The thought of that - being stuck again - filled Five with an icy fear, but he struggled to push it down. “I have to get back, I don’t belong here!" he said stubbornly. "You’re not the siblings I left, I mean, you’re all, you’re all -“ he floundered, gesturing at them wildly. “Old!”

“Oh my god,” Diego muttered. “How the tables have turned.”

“You’re all, what, 30?” Five asked.

“Technically, I’m 34,” Klaus said. “Because, you know, time travel. I'll explain later," he said, waving a hand at Five's confused glare. "Does that make me - oh wow.” He looked around at everyone else, delighted. “I’m the oldest now!”

“As if,” Diego snorted.

“Respect your elders, young man!” Klaus said.

“Guys,” Allison said, putting up a hand. She turned to Five. “We may be older than you remember us, but we’re still your family. We’re the same people you left behind, Five.”

“No you’re not!” He said. “I left behind a bunch of teenagers!”

He stuck his hands in his hair and gripped at it. “This isn’t happening,” he said, hunching forward in his seat. “This is reversible. I can fix this.”

Luther looked around nervously at his siblings. “Five,” he said. “We finally have a timeline where Ben is alive. We can’t go back in time and risk messing that up. And like I said, there’s already a Five there. In the past.”

“Five,” Ben said gently. “If you were able to go back successfully, or were meant to...I’d remember you doing it. But...you don’t, buddy. You don’t.”

“But I’d take over, right, I mean you all said you became the Luthers and Allisons etc. of this timeline when you came here, so I would - no I wouldn’t, it’s a paradox,” Five rambled, interrupting himself, getting up from his seat to pace, still clutching his hair. “If I go back, I’m not entering a new timeline, I’m simply skipping back in the same timeline so if I did that...if I did that…”

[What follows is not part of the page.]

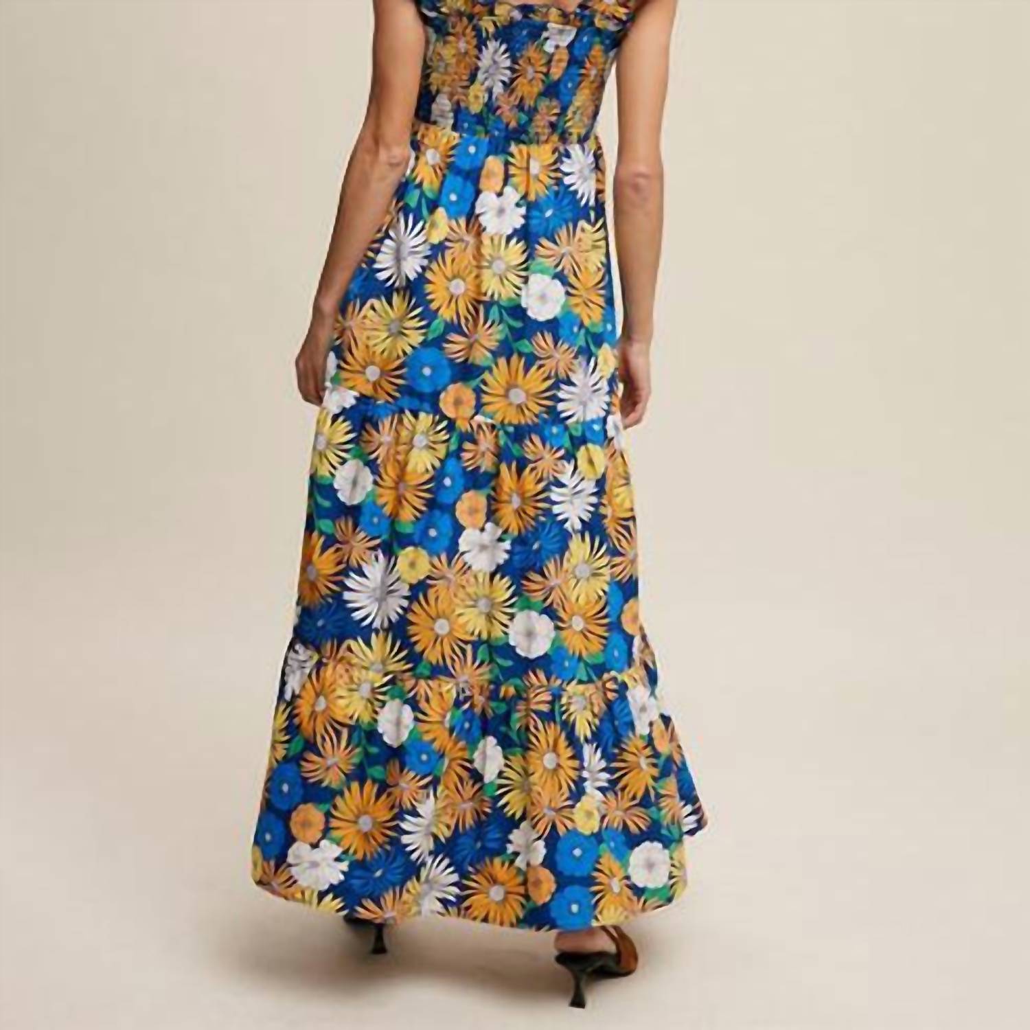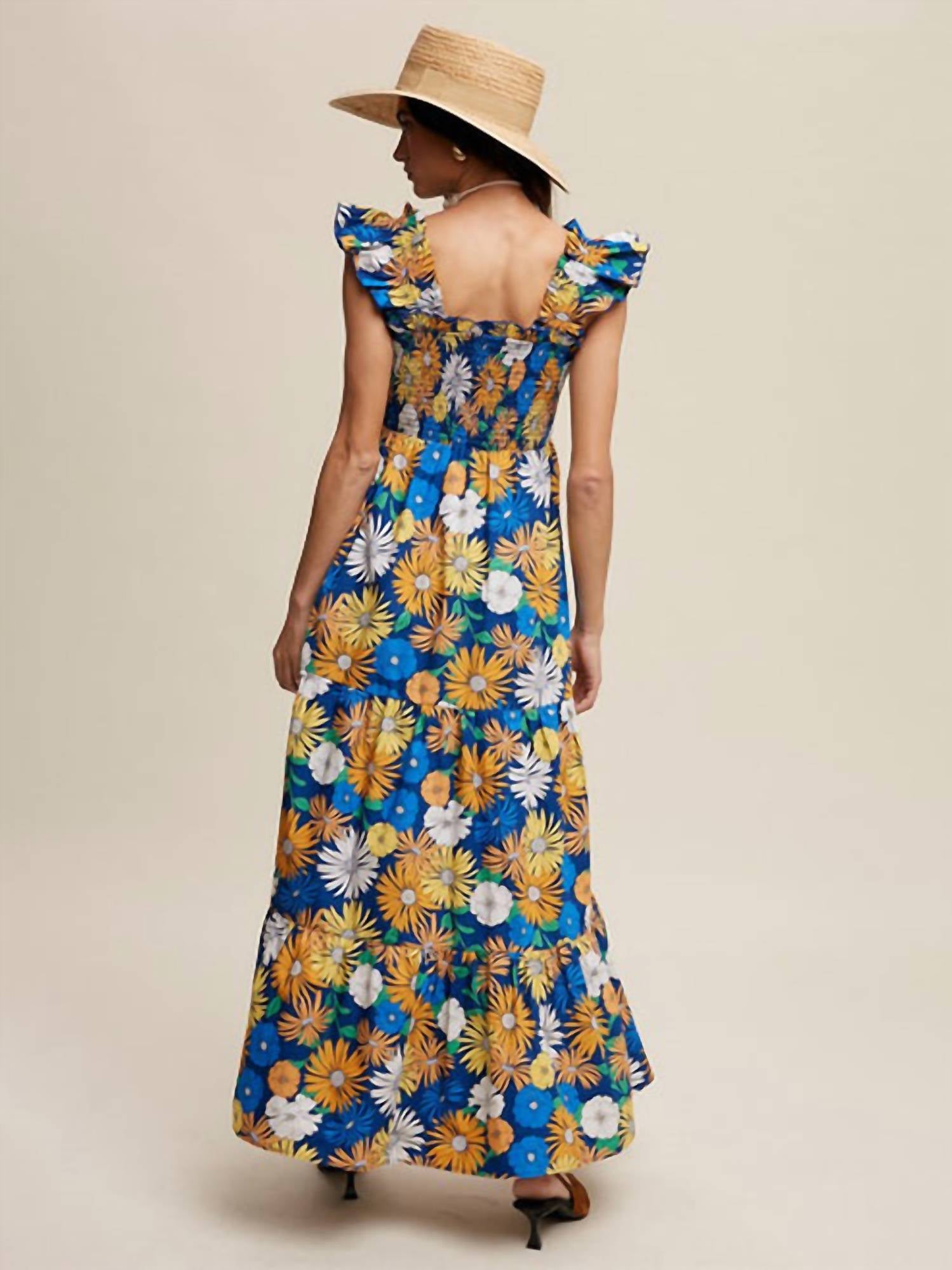 Ruffled sleeves. Maxi length dress. Floral print allover. Square neckline. 100% cotton.

He stopped walking suddenly and stood still and silent, not facing them. They looked at each other nervously.

“So this is it,” Five said. “I kept myself alive for three months, thinking about how I’d reunite with all of you. Picturing what day it would be, where I’d find you, what you’d say. But instead I miss out on 17 or more years of your lives!?”

He rounded on them. “This is the deal that I get?!” he asked, voice raised. He gestured around at all of them. “Look at all of you, adults, who grew up together - well, except for Ben, kind of, but Ben gets to be happy! Probably happy, I don’t know! At least alive! And I’m the one - the smartest one in the family - I’m the one who has to be 17 years younger than all of you?!” He laughed. “This has to be a joke!” he said. “This can’t be the actual, real end of the stick that I get, out of all of us!”

“Five,” Vanya whispered. “I know. I know it’s hard -”

“Oh you do?!” Five sneered. “You do, Vanya? You know how it feels to have six siblings, all your age, who are in it with you, and then three months later to be completely alone? No, you don’t. None of you do, I - oh, fuck this!”

And he blinked away in an angry flourish.

Diego sighed. “It’d be great if the emotionally unstable teenager wasn’t the one who could do that.” He heaved himself out of his chair. “Well, let’s go look for him. I guess. Jesus Christ.”